1793年秋,英使马戛尔尼团踏入圆明园,欲与八旬高龄的乾隆皇帝一晤。宫门深闭,西洋来客看不见大清女子的裙裾,只能对紫禁城后宫的神秘生出万般揣测。当时距令皇贵妃魏佳氏去世已十八年,乾隆身后那座波澜壮阔的后宅,确实需要有人维系繁复的礼仪、起居与族群平衡。那么,失去“令皇贵妃”这根擎天柱后,谁在为这位天下共主打理内庭?
往前追溯到乾隆四十年,也就是1775年。这一年六月,享尽十载荣宠的令皇贵妃薨逝,享年四十九岁。乾隆黯然神伤,却并未立新后。原因看似是对魏佳氏的深情,实则难题在于——满汉蒙回并存的嫔妃谱系里,已再无一位位份足以压服众人的贵族女子。昔年握有六宫钥匙的诸皇贵妃、贵妃多已凋零:纯惠苏氏、淑嘉金氏、庆贵妃陆氏先后辞世,后宫俨然出现权力真空。
乾隆并非坐视。谁能在礼制、资历、血统三重标准中脱颖而出?先看“根正苗红”的舒妃叶赫那拉氏。叶赫那拉一门与爱新觉罗皇族渊源极深:她的曾祖父纳兰明珠是康熙朝重臣,曾祖母又是阿济格之女,宗室血脉与显贵功勋兼具。乾隆六年入宫已被授贵人,十四年后虽未生子亦晋妃,足见宠信。令贵妃辞世的当年十月,后宫朝服女眷前往寿康宫请安,领头之人正是这位舒妃。连主持亲蚕礼的重任也落到她肩头,仪仗排场不逊昔日正宫。世家底蕴加上才名,使她成为毋庸置疑的“临时统摄”。可惜天不假年,乾隆四十二年,年仅三十七岁的舒妃病逝,六宫再度群龙无首。
接棒者是愉妃珂里叶特氏。她从包衣之女到皇子生母的道路,靠的是皇五子永琪的耀眼光芒。永琪聪颖早慧,乾隆对他寄予“储君”般的厚望,甚至在三十年册封其为荣亲王。朝堂内外一致看好,愉妃也因此位同“副后”。但命运翻脸极快,永琪三十一年病逝,愉妃的升迁戛然而止。虽如此,论资排辈,她依旧是后宫“最长情”的倚靠——从潜邸的海常在到五十七年薨逝,她在宫中整整六十五载。期间乾隆常言:“她最知道朕的家务。”一次宫宴,他轻声嘱咐,“好生照看众妃。”愉妃低首应诺,声如蚊响,却肩负起调和诸院、主持节庆的重担,直至九旬天子禅位之前。
然而在愉妃之上,还需要一位身份相对体面的辅佐者。于是颖妃巴林氏被推到台前。她出身蒙古镶红旗,曾祖父巴雅尔以战功世袭轻车都尉,父亲纳亲官至将军,家世虽谈不上显赫,却也能在八旗圈子里站稳脚跟。她十四岁时以“那常在”身份入宫,屈指算来,陪伴乾隆亦逾五十年。
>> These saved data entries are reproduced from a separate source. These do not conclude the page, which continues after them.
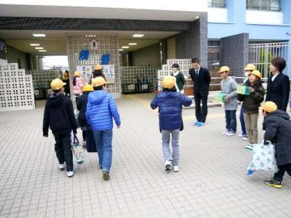 今日から3学期が始まりました。児童会が登校時に「書き損じハガキ、切手」を回収しながら、あいさつをしてくれています。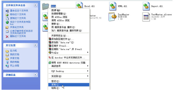 3.鼠標(biāo)右鍵單擊老軟件文件夾中的”data”文件夾,左鍵點擊”復(fù)制”選項,如下圖所示:
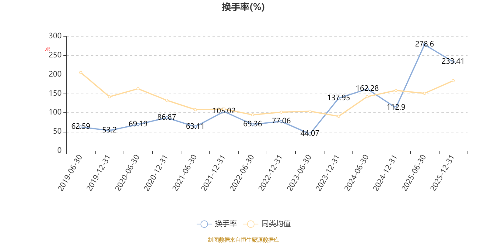 截至2025年12月31日,基金最近一年换手率约506.13%,持续1年高于同类均值。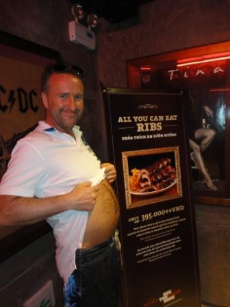 Also weg hier, wir springen ins nächste Taxi und ab zum "Hard Rock Cafe Hoh Chi Minh" zum Essen. Dort hat man uns wohl schon erwartet, denn es gibt hier "All you can eat Ribs"JJJ. Die Bedienung ist sehr nett und setzt sich erstmal zu uns zum quatschen. Wir erzählen ihm unsere Reiseroute und wo wir herkommen. Er warnt uns davor hier in der Stadt mit einen Roller zu fahren. Nee, das machen wir garantiert auch nicht. Nach etlichen sehr guten Ribs rollen wir aus dem Lokal und müssen noch ne Runde um den Block gehen bevor wir uns ein Taxi schnappen und uns zurück zum Hotel fahren lassen.

乾隆对其不设生子门槛,十六年便抬为颖嫔,二十四年升为颖妃。等舒妃殡天,颖妃与愉妃两人搭班,分掌内廷。嘉庆三年,退休太上皇为表恩德,亲手写下圣旨:“朕意加恩,晋尔为颖贵妃。”这位从无所出的蒙古女子,终以一品封号,寿终正寝于嘉庆五年。
若说血统与资历能够撑起名分,宠爱则是另一种更易冷却的火焰。顺妃钮祜禄氏最能说明这一点。她本是弘毅公额亦都的六世孙女,亦与孝昭仁皇后、温僖贵妃同宗,同样是“镶黄旗第一望族”。乾隆三十九年入宫即封贵人,不到两年连跳两级至顺妃,曾经主持乾隆四十五年的亲蚕礼。一时之间,连愉妃、颖妃亦需礼让三分。然而好景不长,乾隆五十三年,她先降为顺嫔,又降为顺贵人,跌落速度之快,连尚书房档案只留下冰冷一句“以事降秩”。第二年,她孤零零地离世,葬入裕陵妃园寝最后排,墓表简短得仿佛在暗示荣宠的易逝。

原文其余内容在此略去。